Note mood and libido changes and report to your doc so he can see that there are benefits.

Prolactin levels change. Surges with orgasm for a while. Hold or interact with a baby and it will go up. In your case, these responses could be exaggerated.


Thanks for the post KSman

I would estimate 4 years, give or take a year. Im not 100% sure but its been a while that seems like a lifetime.

I learned something about my doc today. Hes an old conservative geezer that would not listen to a word i said. I wont be seeing him anymore, way too expensive and has has not updated his knowledge about endocrinology since 1980 it seems. He said there was nothing more he could do and i should visit him in 6 months. When i asked about meds he said it wasnt neccesary.

Anyways regarding medication im on my own for now and i am a little tight on cash. I have read around about prolactin surpression and came across pramipexole. Seemed to have worked great for people so i placed an order on that instead seeing it was twice as cheap as caber. So right now i have pramipexole and deprenyl on the way, might switch to caber when stuff settle a little.
As for anastrozole i wont be able to get it until i order the next batch(1 month).
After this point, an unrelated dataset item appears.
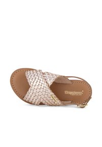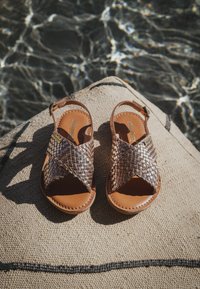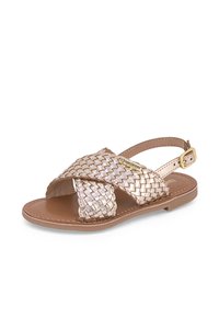 Sandales en cuir tressé doré métallisé avec des brides croisées, une bride réglable à la cheville et une semelle plate marron. Design léger.

But i might be able to get a hold of 6-oxo until then, should use that or skip it?

As for prami, do you know anything about dose schedule? I have read it is stronger than caber, tabs i ordered were 0.18mg. 20 tabs for same price as 2 tabs of 0.5 caber


I have no knowledge of pramipexole use. You should use the smallest effective dose. Please let me know how this works for you. Please PM with source.

You will probably be better off with a liquid research chem product for anastrozole.